We take the trained model from DeVLBERT, and for every ROI y in every image, we produce α. We then examine the objects classes o_i in our dataset for which we have the ground truth relation to y (i.e., either o_i is a cause of y, y is a cause of o_i, or they are “mere correlates.”) We call the set of o_i for a particular y O_y. A successful α should rank the o_i that are a cause of y higher than the o_i that are either consequences or mere correlates. We use mean average precision (mAP) as metric to measure the ranking performance. We compare the resulting mAP score with a baseline that ranks the elements of O_y in a completely random way.

We report on the results in section 6.2.1.

5.3.2. Qualitative Analysis

The quantitative analysis only considers classes for which we have collected ground truth causality information. It can be informative, however, to look at the complete ranking of candidate causes for a certain class.

We calculate the per-class average value of α[c] over all R ROIs in the dataset whose ROI class corresponds to c for each class c:

(40)αavg[c]=∑i=1RI(i,c)·α[c]N

(41)α[c]=〈(WzZI[c]),(Wxfxi)〉

where fxi is the contextualized ROI-feature corresponding to the ith ROI, ZI is the confounder dictionary for the image modality, and I(i, c) is an indicator function that is 1 if the ith ROI has class c and 0 otherwise.

We also show a few qualitative examples during a downstream task, specifically VQA. We check the last-layer cross-modal attention from a query word in the question to the bounding box of an object which we know is a cause of the query word. This can indicate whether certain models pay more attention to actual causes during downstream tasks.

6. Results 6.1. Ablation Studies on Downstream Performance Setup

As explained in section 4.2, Zhang et al. (2020b) evaluate the quality of the DeVLBERT model by its performance on three downstream visio-linguistic tasks: Image Retrieval and Visual Question Answering, for which the model is further fine-tuned, and Zero-Shot Image Retrieval, for which the pretrained model is immediately used. Performance on (Zero-Shot) Image Retrieval is measured by recall at k or R@k, and performance on Visual Question Answering is measured by accuracy. We evaluate in the same way.

When reproducing DeVLBERT, we have tried to follow the original setup as closely as possible. We train all models with the same batch size and learning rate as DeVLBERT¹⁶.

There are, however, still a few differences in set-up. First, for Visual Question Answering, we only report performance on the “test-dev” split, and not on the “test-std” split: only 5 submissions to “test-std” are allowed, and we evaluate more than 5 models.
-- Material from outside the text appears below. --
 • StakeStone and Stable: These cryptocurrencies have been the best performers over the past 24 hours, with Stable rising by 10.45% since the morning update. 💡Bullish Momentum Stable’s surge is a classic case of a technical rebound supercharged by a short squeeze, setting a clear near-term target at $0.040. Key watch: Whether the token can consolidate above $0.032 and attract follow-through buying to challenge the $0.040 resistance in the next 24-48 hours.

Second, because the Conceptual Captions dataset consists of hyperlinks to web content, over time some of the links go stale. Hence we work with 2.9 million records, compared to the 3.1 million that DeVLBERT originally trained on.

Finishing 24 epochs of pretraining on the Conceptual Captions dataset takes 3–5 days¹⁷.
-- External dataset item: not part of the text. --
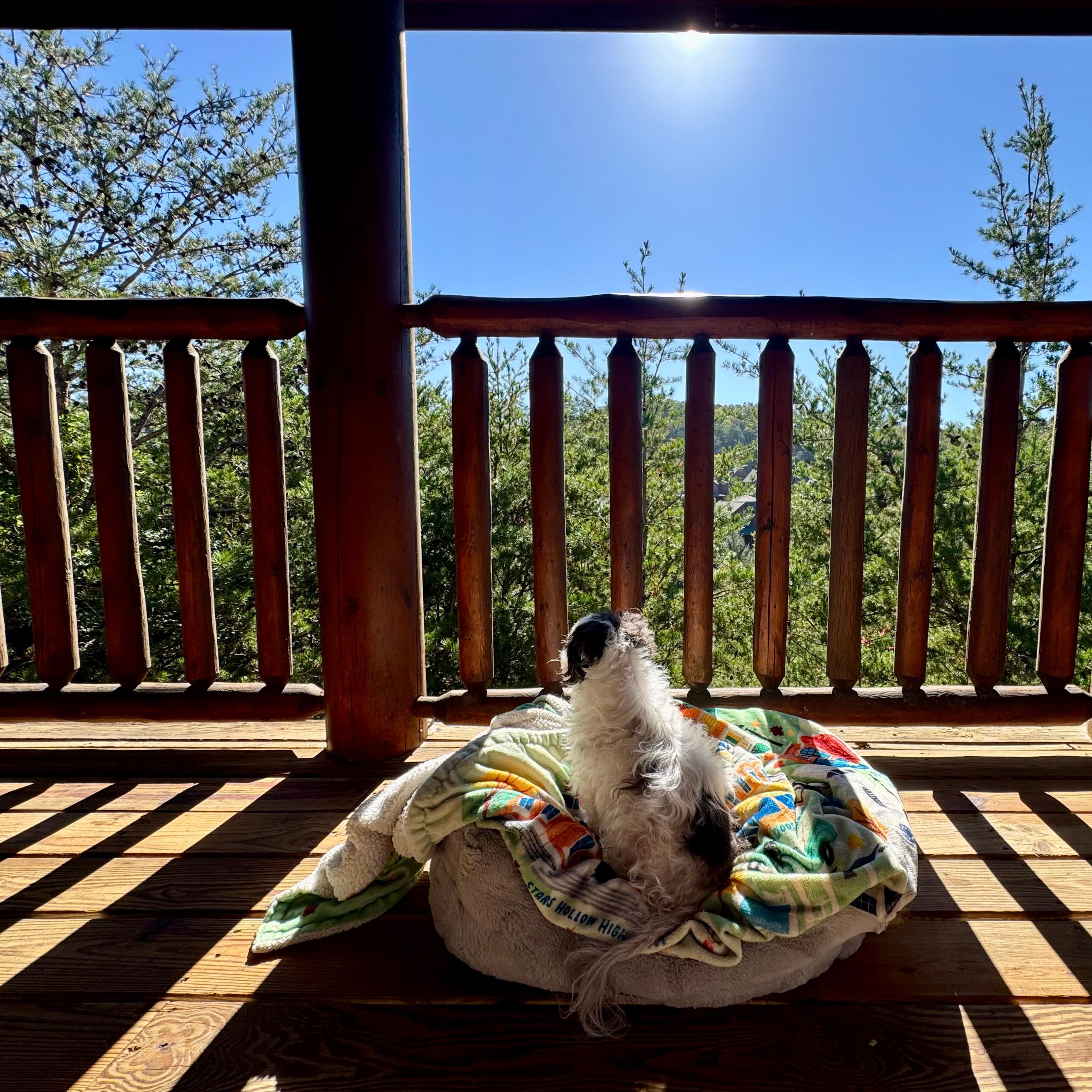 Step onto the wrap around porch and take in Mother Nature at her finest with the beautiful views. We enjoy relaxing in the rocking chairs while taking in the breeze through the trees and listening to the birds. This view of the wilderness also includes a hot tub to help melt your worries away, propane grill for delicious BBQ dinners and string lights that create a magical atmosphere in the evenings.

A pretrained checkpoint was made publicly available by Zhang et al. (2020b). We redo only the fine-tuning step ourselves for this checkpoint, and also include its performance in our results. We refer to this run as DeVLBERT-CkptCopy.

To make sure that the improvement is indeed due to AutoDeconfounding, we retrain ViLBERT and DeVLBERT ourselves, this time in exactly the same way: both for 24 epochs, where for the last 12 epochs the region mask probability is changed from 0.15 to 0.3, and both using the best checkpoint in the fine-tuning tasks for evaluation.

Results

Table 4 shows an overview of the downstream tasks performances of the different models we evaluated¹⁸.

Table 4

Scores on downstream tasks: top-1 recall, top-5 recall and top-10 recall for Image Retrieval (IR R@1, IR R@5, IR R@10) and zero-shot image retrieval (ZSIR R@1, ZSIR R@5, ZSIR R@10), and accuracy on the test-dev split for Visual Question Answering (VQA).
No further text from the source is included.